Enable manual robot manipulation:

from urkit import FreedriveMode

# Freedrive lets you manually push the robot: motion commands won't work while active
robot.enable_freedrive()              # all 6 axes free
robot.enable_freedrive(FreedriveMode.XYZ)      # linear axes + Rz rotation
robot.enable_freedrive(FreedriveMode.ROTATION) # rotation only
robot.disable_freedrive()             # always disable before sending motion commands

# Check if freedrive is active
robot.is_freedrive_active

Speed Control

# Emergency stop: halt all motion immediately
robot.speed_stop()

# Set speed slider (0.0–1.0): hardware-level velocity multiplier
robot.set_speed_slider(0.5)  # all motions run at 50% of their programmed speed

The speed slider is a hardware-level multiplier applied by the UR controller itself — it's the same mechanism as the physical slider on the teach pendant.
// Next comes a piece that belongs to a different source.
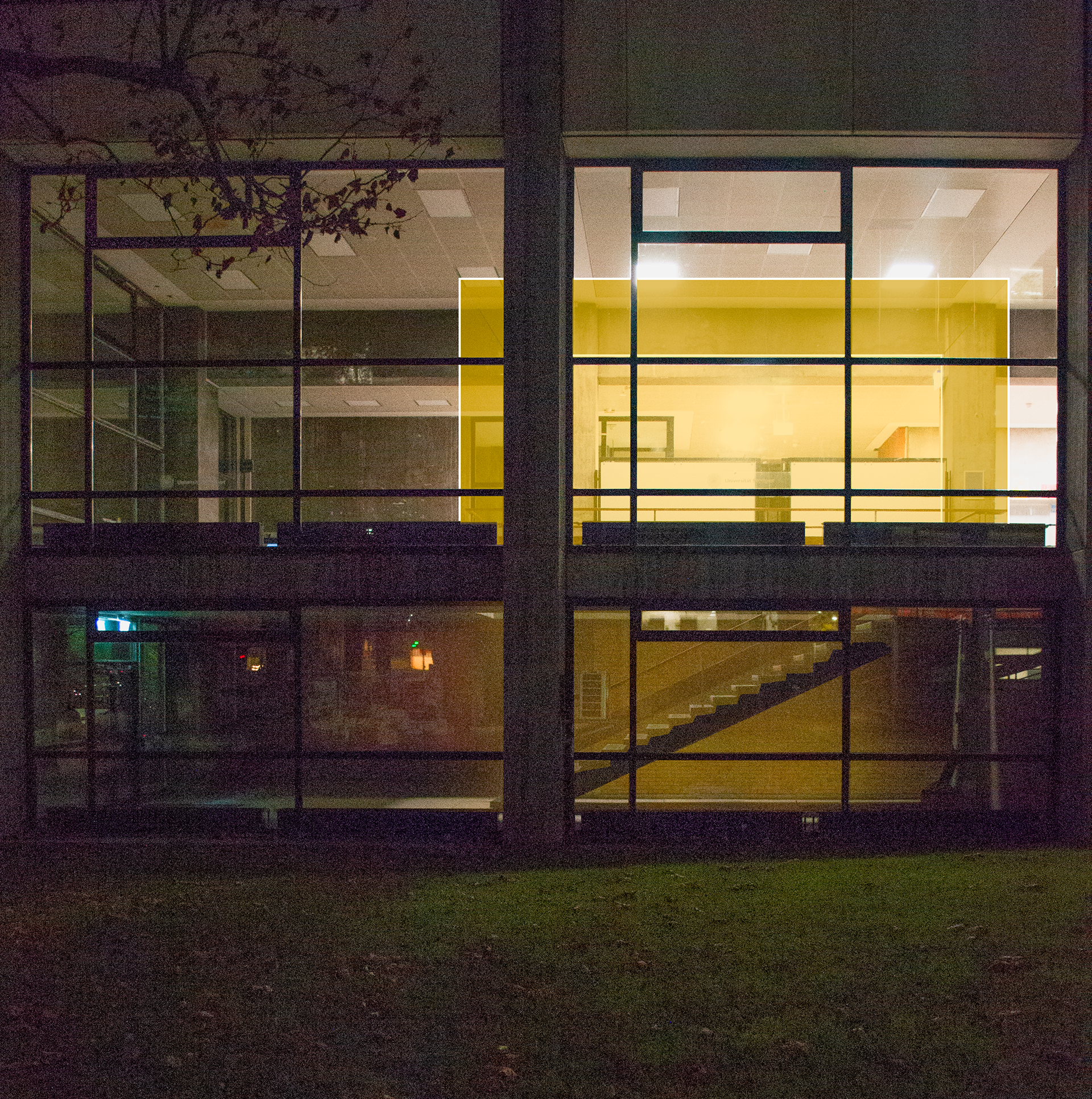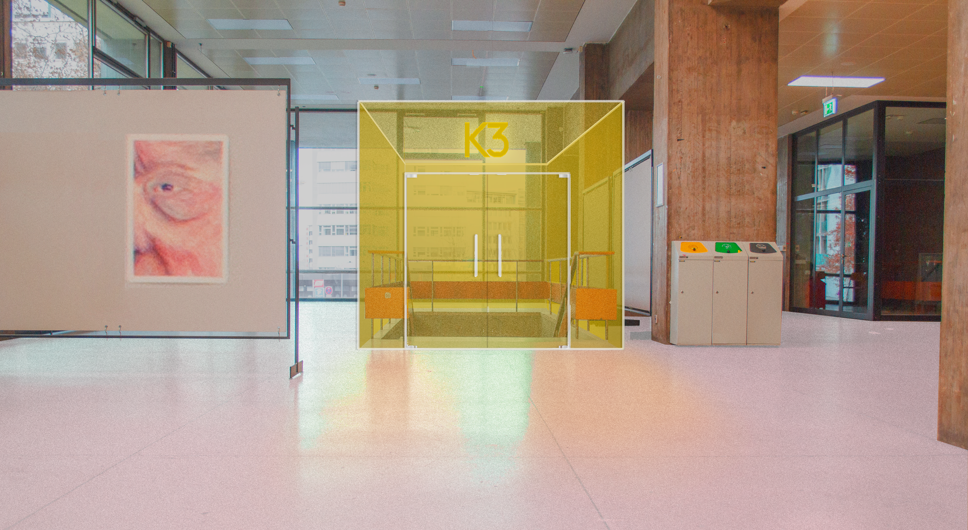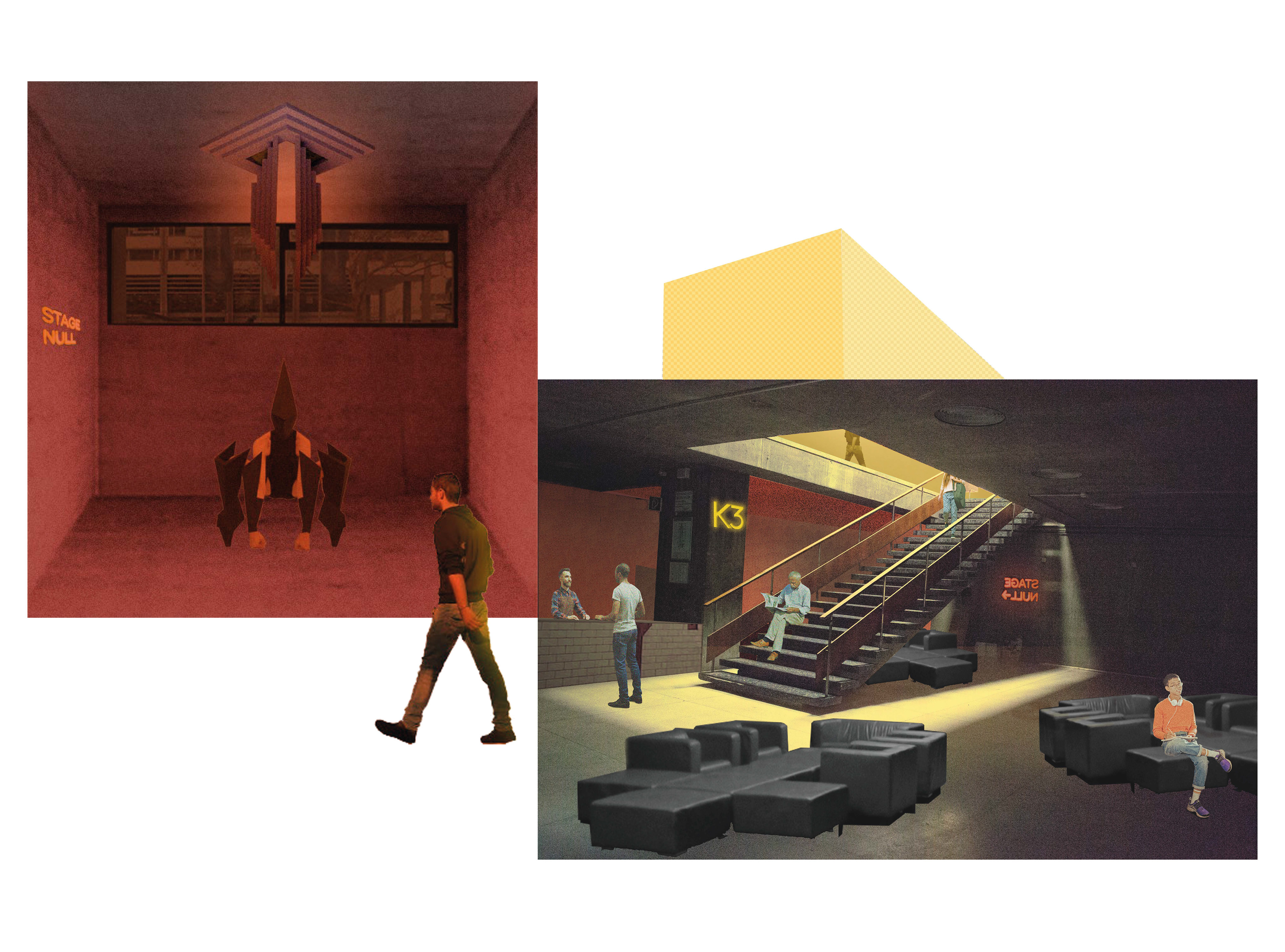 K3 comes to life as a café-bar removed from study-related activities, featuring a yellow glass box that breaks through the ground floor, enclosing the bar when needed and providing an entrance at the upper level. During summer, small tables can be placed in front of the café under the cantilever, activating the street level and inviting the community to participate in the faculty’s activities. At night, the yellow glass box works as a giant light bulb, filtering the white light on the ground floor and creating a vibrant bar atmosphere. In the back room, the bar Stage Null becomes an open room for events, small exhibitions, and installations, managed by the students in cooperation with the Studierendenwerk.

  • Velocity is scaled: actual_velocity = vel * slider_factor
  • Acceleration is NOT independently scaled — the raw acc value is passed through, but the controller constrains ramp-up to the capped velocity ceiling
  • Global & persistent — stays until you change it or the robot faults/resets
  • Affects all motion commands: moveJ, moveL, trajectory, delta moves, velocity control
# Example: 0.5 slider × 1.0 m/s movej = 0.5 m/s actual speed
robot.set_speed_slider(0.5)
robot.movej([-1.0, -1.5, 1.5, -1.0, 1.0, 0.0], vel=1.0, acc=0.5)
# Inverse kinematics: pose → joint angles
joints = robot.inverse_kinematics([0.5, 0, 0.3, 0, 0, 0])

Telemetry

# Read real-time robot state
pose = robot.get_tcp_pose()           # [x, y, z, rx, ry, rz]: meters/radians
joints = robot.get_joint_positions()  # [j0..j5]: radians
force = robot.get_tcp_force()         # [fx, fy, fz, mx, my, mz]: Newtons/Nm
mode = robot.get_robot_mode()         # "REMOTE_CONTROL", "SERVOING", etc.
scaling = robot.get_speed_scaling()   # actual vs programmed speed (0.0-1.0)
payload = robot.get_payload()         # configured payload mass (kg)
robot.is_protective_stopped()         # bool: robot hit something or was pushed
robot.is_emergency_stopped()          # bool: e-stop pressed

# Get current pose + joints as a dict
pos = robot.current_point()
print(pos["pose"])    # [x, y, z, rx, ry, rz]
print(pos["joints"])  # [j0, j1, j2, j3, j4, j5]

Digital I/O

# Set a single output (pins 0-7 standard, 8-15 configurable)
robot.set_digital_output(0, True)

# Set multiple outputs at once, or clear all
robot.set_digital_outputs({0: True, 1: False, 8: True})
robot.set_digital_outputs(False)

# Read inputs (pins 0-17, including tool pins 16-17)
robot.get_digital_input(0)
robot.get_analog_input(0)
robot.get_tool_input(0)

# Read outputs
robot.get_digital_output(0)
robot.get_analog_output(0)
robot.get_tool_output(0)

# Block until a digital input changes (useful for limit switches, sensors)
if not robot.wait_for_input(0, True, timeout=10.0):
    raise TimeoutError("Limit switch not triggered")

Advanced: Raw RTDE Access

URKit doesn't try to wrap everything. For advanced features like forceMode, servoJ, getActualCurrent, and more, access the raw ur_rtde interfaces:

# rtde_control and rtde_receive give you the full ur_rtde API
robot.rtde_control.moveUntilContact([0, 0, -0.02, 0, 0, 0])
robot.rtde_control.forceMode(...)
robot.rtde_control.servoJ(...)

# Read robot current, temperature, or anything ur_rtde exposes
robot.rtde_receive.getActualCurrent()

Full ur_rtde documentation: https://sdurobotics.gitlab.io/ur_rtde/


Connection Lifecycle

# Check if RTDE connection dropped
robot.connection_lost

# Reconnect RTDE after a drop
robot.reconnect_rtde()

# Disconnect and clean up
robot.disconnect()

Error Handling

from urkit import URKitError, RobotNotInRemoteModeError, RtdeRegisterConflictError

try:
    robot = URRobot(ip="172.31.1.200", points="points.db")
except RobotNotInRemoteModeError:
    print("Enable remote control on the teach pendant!")
except RtdeRegisterConflictError:
    print("Disable EtherNet/IP, PROFINET, or MODBUS!")
except URKitError as e:
    # Catch-all for any urkit error (connection, motion, gripper, etc.)